The PARSIFAL project addresses several fundamental aspects in the preliminary design of the aircraft: socio-economic studies (to analyze user needs/requirements and existing infrastructure), flight mechanics, aerodynamics and noise emissions, aeroelasticity, and structural analysis of the wing and fuselage architecture (with a view to optimization).
This project represents an ambitious initiative in the field of civil aviation and paves the way for the introduction of an innovative aircraft architecture known as the "PrandtlPlane." This new configuration will make it possible to reduce emissions per passenger and utilize existing infrastructure, as the PrandtlPlane can significantly increase passenger capacity without increasing the aircraft's size. Thus, an A320/B737 could accommodate a number of passengers equivalent to that of an A330/B767, without increasing its size.
This architecture is characterized by a closed wing that is connected to the fuselage at two different points (known as "box-wing architecture"). Instead of a conventional wing, the PrandtlPlane configuration features two horizontal wings connected by two vertical wings. This innovation requires careful study of aspects relating to aerodynamics, flight mechanics, and structural design.

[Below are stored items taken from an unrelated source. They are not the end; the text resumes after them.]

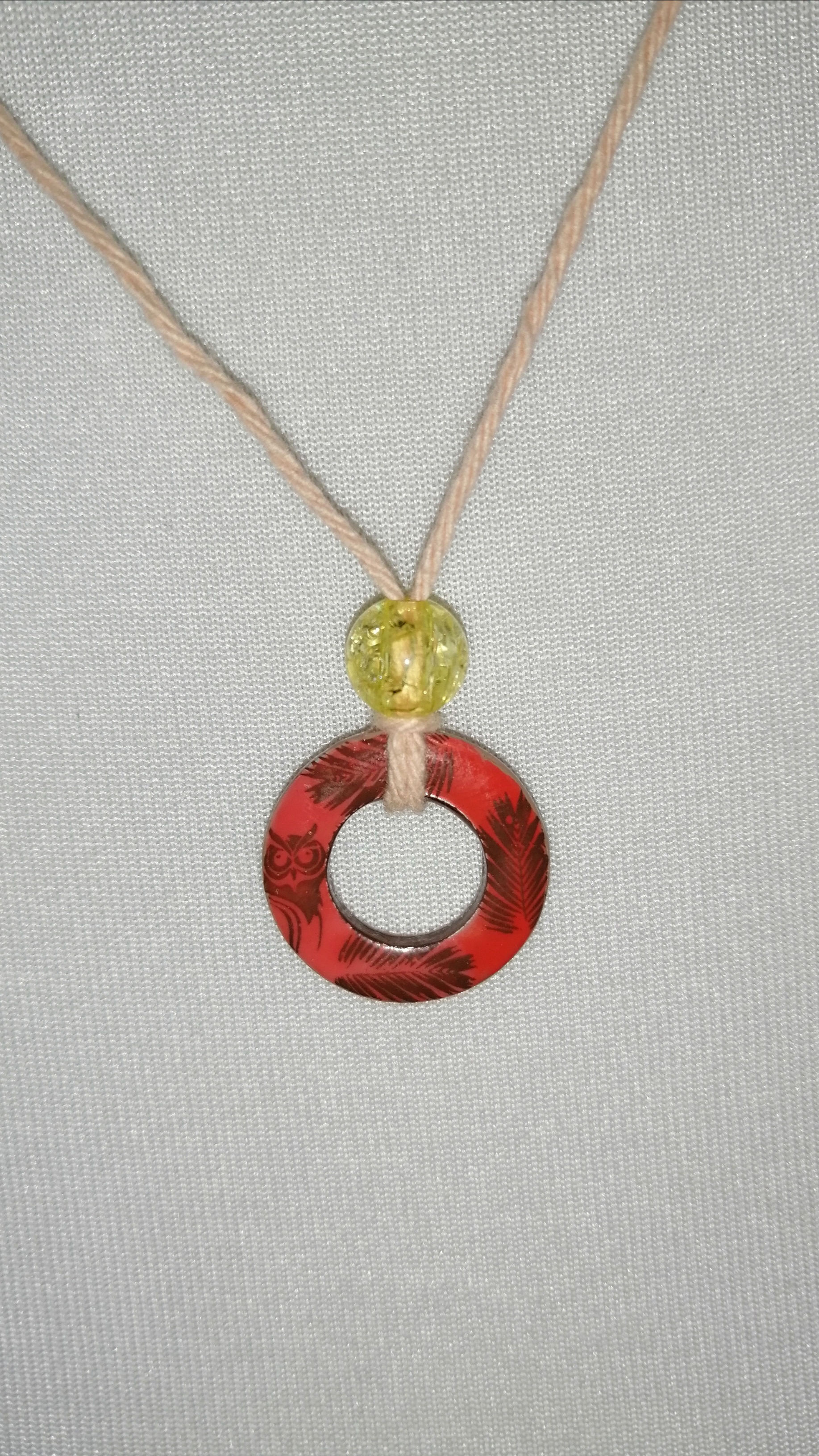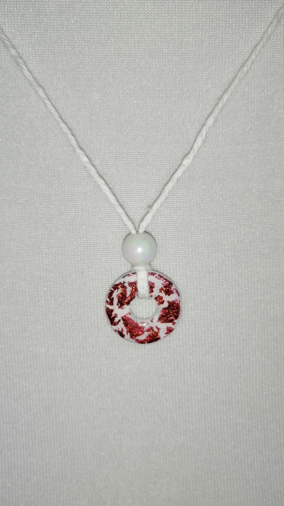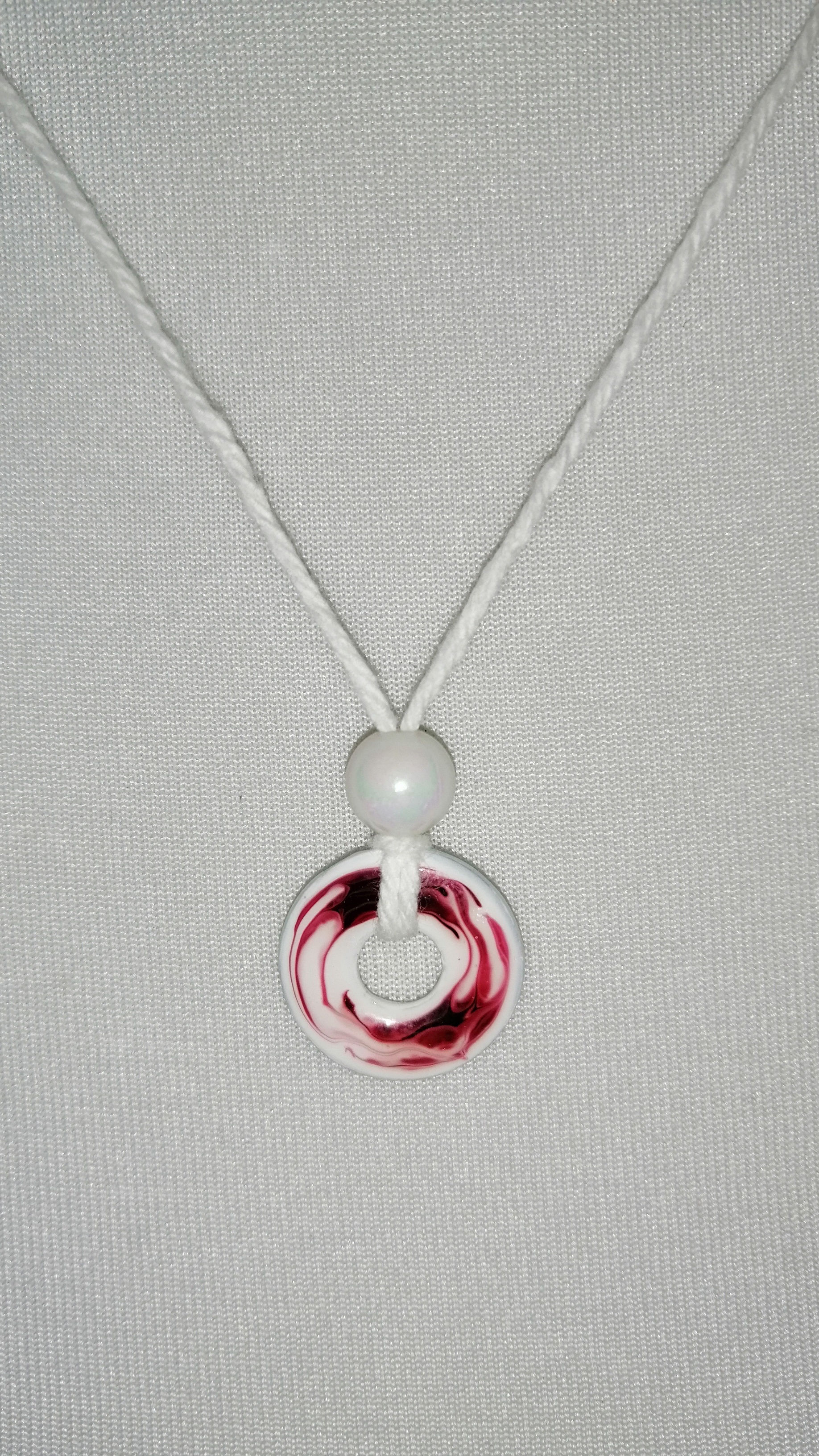 Dieser Anhänger kommt in einem geleeartigen, halbtransparenten, sehr dunklen Bordeaux auf beiden Seitendaher. Die Außenkante ist weiß, ebenso das aufgearbeitete Motiv.
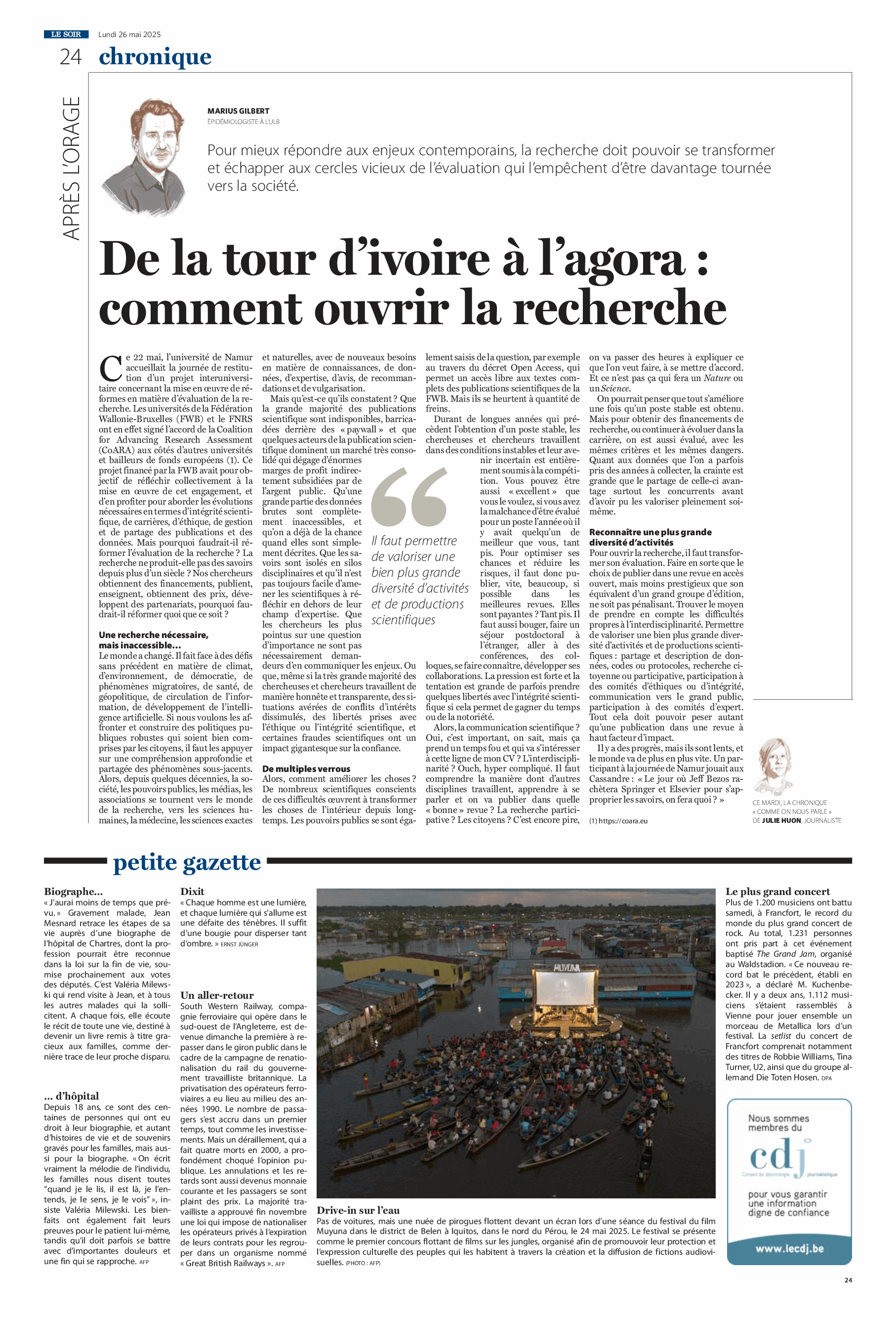 CoARA (Coalition for Advancing Research Assessment); Évaluation de la recherche; Science Ouverte (Open Science); Intégrité scientifique; Éthique de la recherche; Carrière des chercheurs; Open Access Diamant; FAIR Data; Bonnes pratiques; Fédération Wallonie-Bruxelles
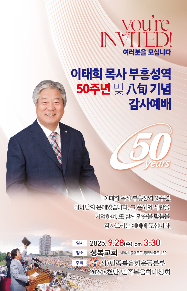 민족복음화운동본부는 “교계 지도자들과 전국 각지의 성도들이 이번 감사예배에 모여 지난 50년간의 이태희 목사 사역을 되돌아보고, 하나님의 은혜에 감사할 예정”이라며 “또한 앞으로 다가올 ‘2027 8천만 민족복음화대성회’의 비전을 공유하며, 한국교회의 연합과 세계 복음화 운동에 새 힘을 불어넣는 계기가 될 것으로 기대된다”고 전했다.
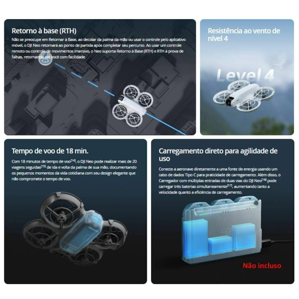 Com até 18 minutos de tempo de voo, o DJI Neo pode realizar mais de

Our School participated in drafting the project, highlighting the specific features of the design and optimization approaches developed within the IMC department of the I2M Laboratory. The Arts et Métiers campus Arts et Métiers Bordeaux-Talenceis responsible for designing/optimizing the aircraft structure (fuselage and wings), taking into account several design criteria: lightness, stiffness, buckling, strength, etc. The specific approach, developed to address the complexity of the problem, uses multi-scale digital methods and tools, integrated into an original genetic optimization algorithm developed by the IMC. In addition, an experimental study of optimized stiffened panels, manufactured by the Compositeadour technology platform (Bayonne), will take place in the coming months. The aim of these tests will be to experimentally validate the numerical approach adopted for the optimization of composite structures.
The multidisciplinary design of such an aircraft is a challenge that has been taken up by a consortium of complementary academic and research institutions, including Arts et Métiers. This consortium brings together: the University of Pisa (Italy), ENSAM, ONERA (France), TUDelft (Netherlands), DLR (Germany), and the SME SkyBox.